On the Human Response
Ah, but humans can risk, long-term investments gambled for eventual pay-off. All
the resources of earth piled on to make space flight feasible, to mine the asteroids,
to terra-form Mars, to colonize orbital settlements, to create self-sustaining habitats,
hydroponics, self-contained ecosystems ...
"If you can make one heap of all your winnings
And risk it on one turn of pitch-and-toss,
And lose, and start again at your beginnings
And never breathe a word about your loss; ..."
From If, by Rudyard Kipling
If the driving force is not mere dilettantism but the longest-range survivability
of the species, and if we draw back to look at the largest context, the longest view,
it becomes evident that evolution itself has been an iterative process, a jitterbug
of Max's pyramidal elements, an emerging efficacy of matter and energy that, dare
we assume, culminates presently in human rationality.
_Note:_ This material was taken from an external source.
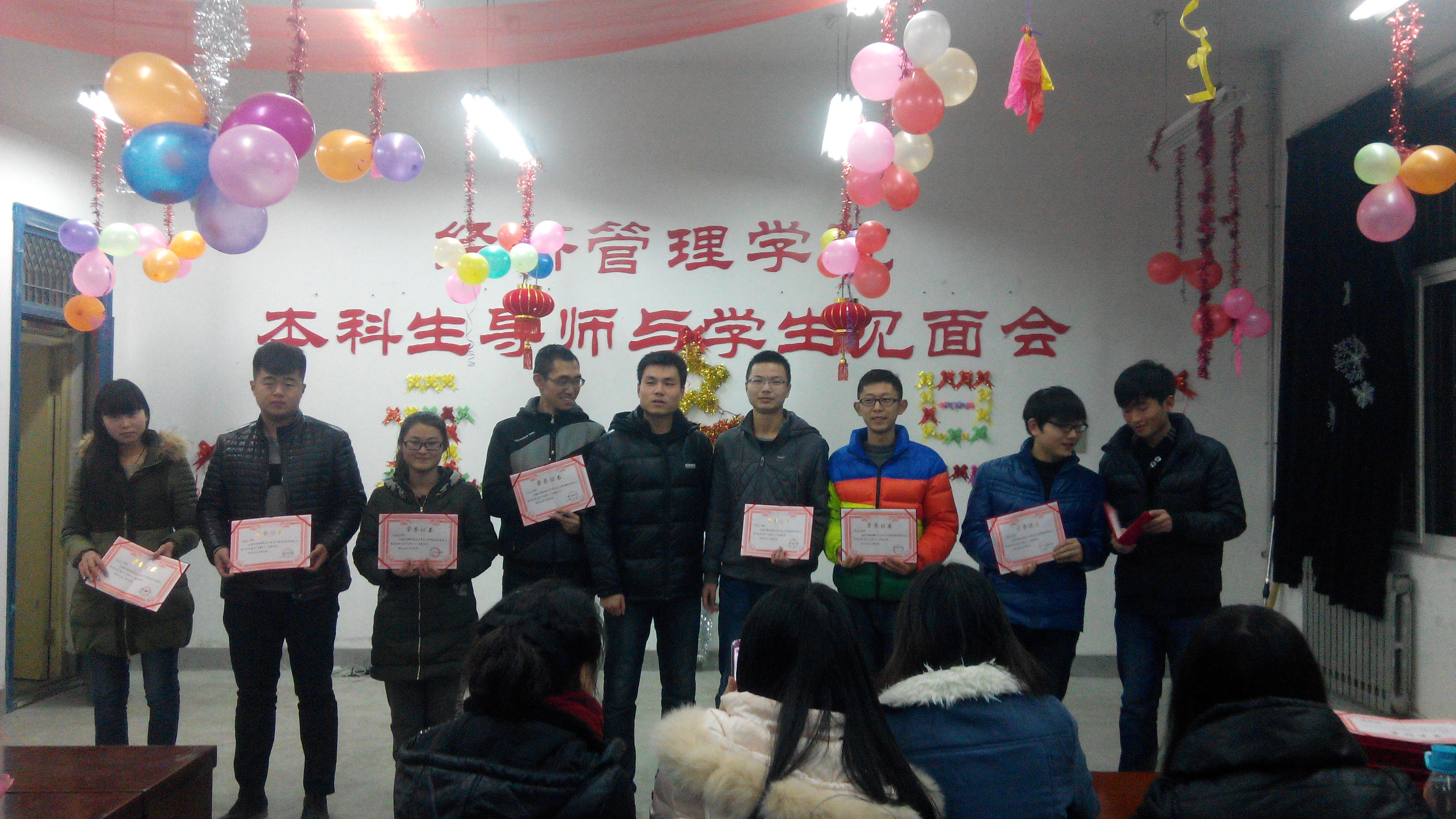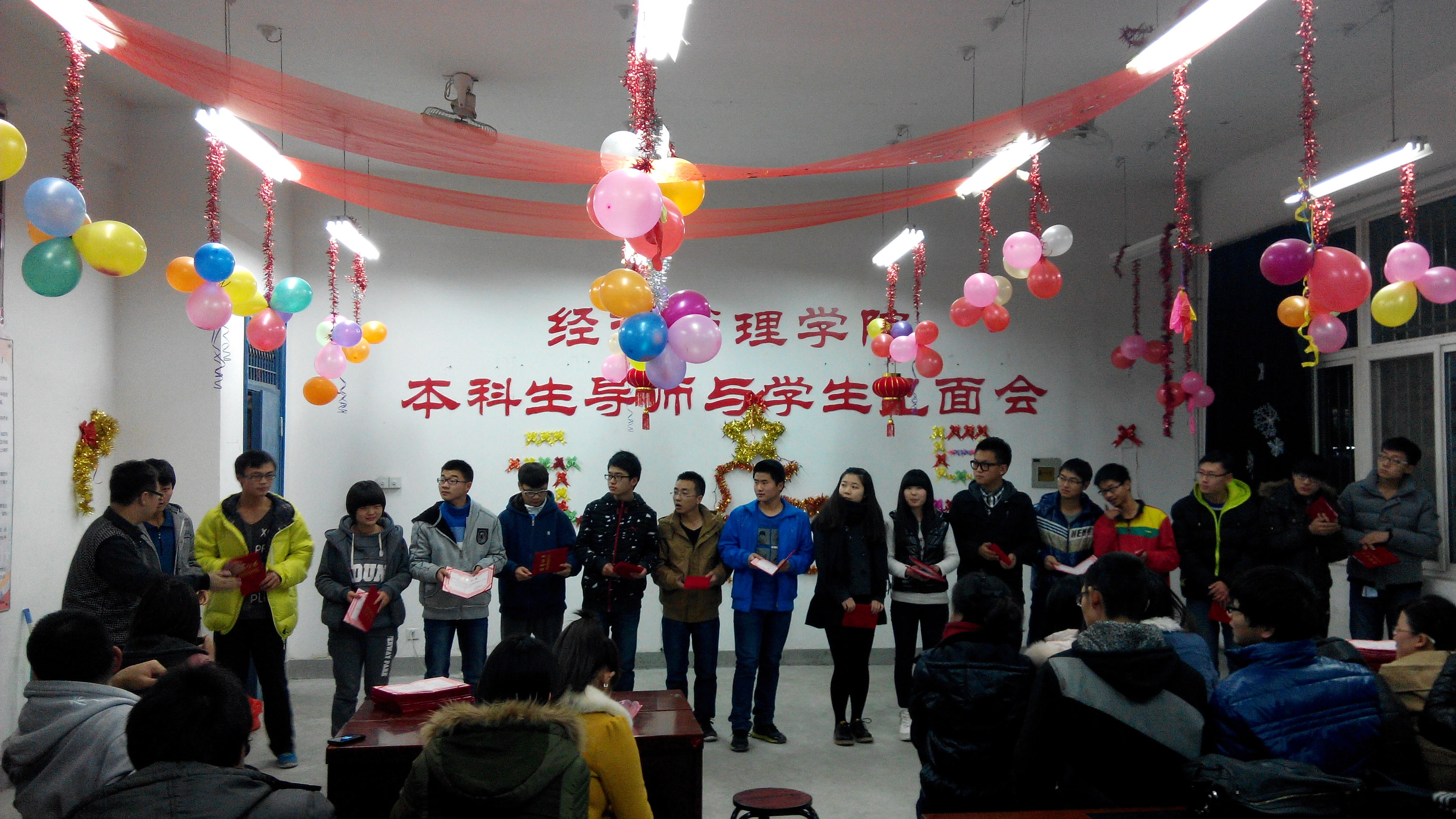 2014年1月2日20:00,经济管理学院在新校区A105会议室举办首届班级新年联欢会闭幕式暨元旦表彰活动,参加本次活动的有经济管理学院辅导员武威老师和樊理君老师、学生会的干部以及2013级的班长们。
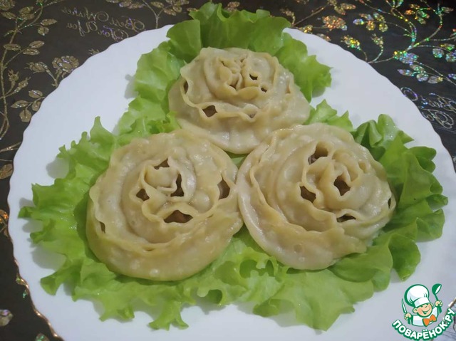Как идеальную пару нашей овощной лужайке приготовим манты-розочки.

Mr. Walker rightly faults the notion of instant omniscience and totalitarian perfection
at inception. It has its parallel in the unfounded smugness of those who would equate
a Jackson Pollock with a Michelangelo, or embrace a concept as absurd as "creation
science".
Thank you for listening. Please forgive the long-windedness. This puzzle has many
pieces. Your thoughtful comments have irresistibly stimulated this confluence of concepts.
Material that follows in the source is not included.